In these four conditions, the search period was an FI schedule, and the handling schedules were MT 2.5 s 7.5 s for the short alternative and MT 10 s 30 s for the long alternative. Figure 1 diagrams the procedure for one of these conditions, in which the search schedule was FI 10 s. Each trial began with the search period, in which the center key was white and an FI 10-s schedule in effect. Once the pigeon completed the FI requirement, the center key became dark, and the choice period began, with the left key white and the right key either green or red (with key color chosen randomly with the constraint that in every 20 trials, each color occurred 10 times). If the right key was green, this indicated that the short alternative (MT 2.5 s 7.5 s) was available. The pigeon could either accept the short alternative by pecking the green key or return to the search period by pecking the white key. If the green key was pecked, the left key became dark and the right key remained green for the handling period (which was either 2.5 s or 7.5 s), followed by a 2.5-s food presentation. Only the white light above the food hopper was lit during all food presentations. After each food presentation, the white center key was turned on and the search period of the next trial began.

Figure 1.

A diagram of the procedure in one of the FI-MT conditions, with an FI 10-s search period.
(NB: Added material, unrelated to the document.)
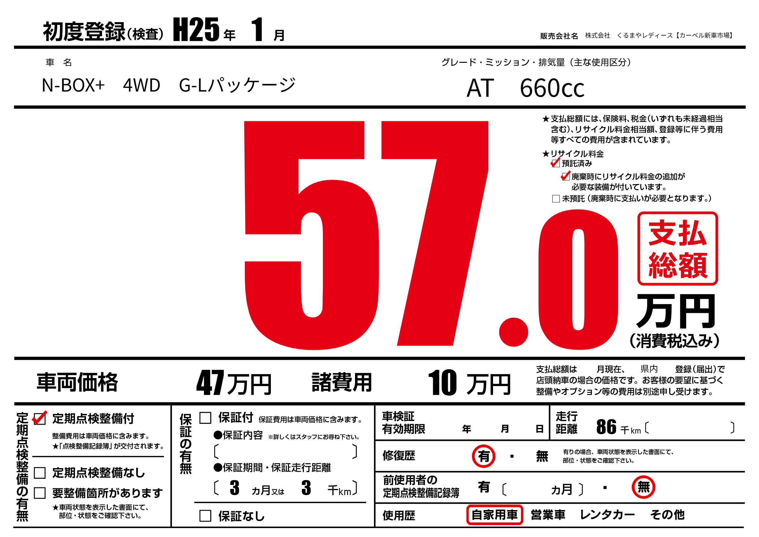 | 車名 | N-BOX+ 4WD G-Lパッケージ | グレード ミッション 排気量 |

If the right key was red during the choice period, this indicated that the long alternative (MT 10 s 30 s) was available, and the pigeon could accept this alternative by pecking the red key or return to the search period by pecking the white key. If the red key was pecked, the left key became dark and the right key remained red for the handling period (which was either 10 s or 30 s), followed by a 2.5-s food presentation and then the start of the next trial.
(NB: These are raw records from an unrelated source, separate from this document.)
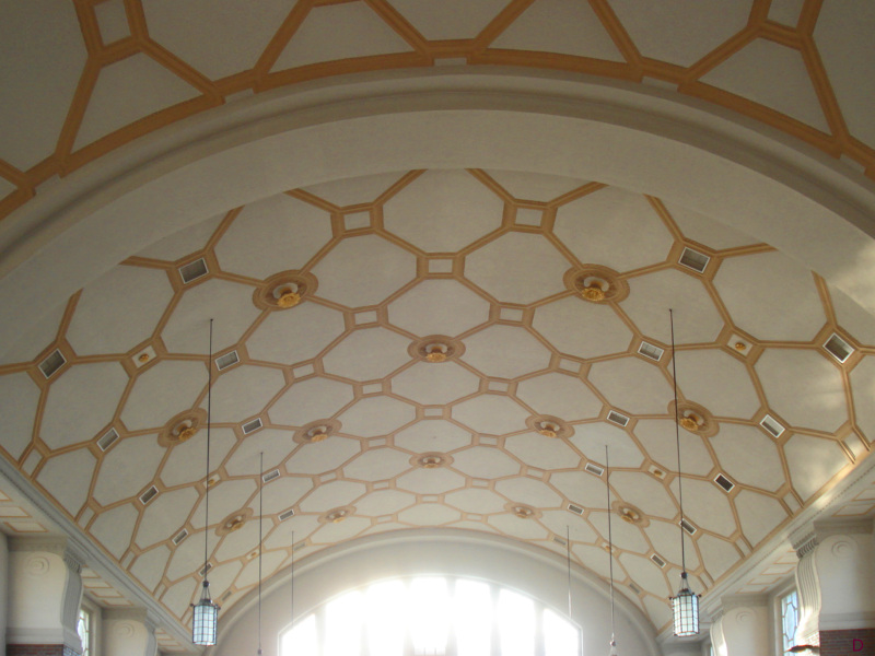 In der Eingangshalle gibt es schon mal einen ordentlichen Deckenschmuck: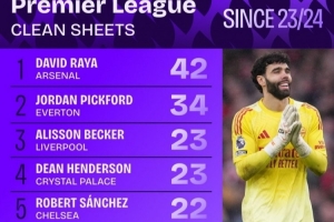 体育资讯2月8日讯 阿森纳在本轮英超3-0完胜桑德兰,数据统计显示,拉亚是近3个赛季零封次数最多的英超门将。
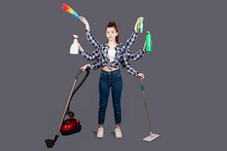 A girl on a gray background in the studio. isolate. A young woman with six hands, house. Vacuum, mop, detergent, dust collector, brush, rag. Robot machine for cleanliness. Cleaning company. Fast

During both the search period and the choice period, every effective peck on an illuminated key produced a feedback click. Pecks on the right key during the handling periods did not produce feedback clicks, nor did pecks on dark keys. Sessions ended after 60 food presentations or 60 min, whichever came first.

In the other three FI-MT conditions, the procedure was the same except that different FI schedules were used during the search period, and each FI schedule was associated with a different stimulus on the center and left keys, as shown in Table 1. For example, in the condition with an FI 20-s search period, a white square was projected on the center key during the search period, and on the left key during the choice period.

MI-MT conditions

In these four conditions, the handling schedules were the same as in the FI-MT conditions, but the search periods were two-component MI schedules instead of FI schedules. Each condition used a different MI schedule, and in each MI schedule the larger interval was 19 times as long as the smaller interval (see Table 1). For example, in one condition, the search period was MI 2 s 38 s. Each time the search period was entered, the interval requirement was either 2 s or 38 s, selected at random with the constraint that each interval occurred 5 times in every 10 entries into the search period. The mean durations of the four MI schedules were matched to the durations of the four FI schedules used in the FI-MT conditions (e.g., the mean duration of the MI 2-s 38-s search period was 20 s, thereby matching it to the condition with a FI 20-s search period). As shown in Table 1, the stimuli that appeared on the center key during the search period and on the left key during the choice period were the same as in the FI-MT condition to which each MI-MT condition was matched. Therefore, except for the change from FI to MI search periods, the procedure was exactly the same as in the FI-MT conditions.

MI-MT/FT conditions

These four conditions included the same schedules as the MI-MT conditions, except that the handling schedule for the long alternative was FT 20 s instead of MT 10 s 30 s. The handling schedule for the short alternative continued to be MT 2.5 s 7 5 s. Because the hyperbolic-decay model predicts preference for variable over fixed delays, it predicted that the pigeons would be more likely to accept the long alternative when it was MT 10 s 30 s than when it was FT 20 s. Optimal diet theory predicted no difference, because the mean delay to food was 20 s in both cases.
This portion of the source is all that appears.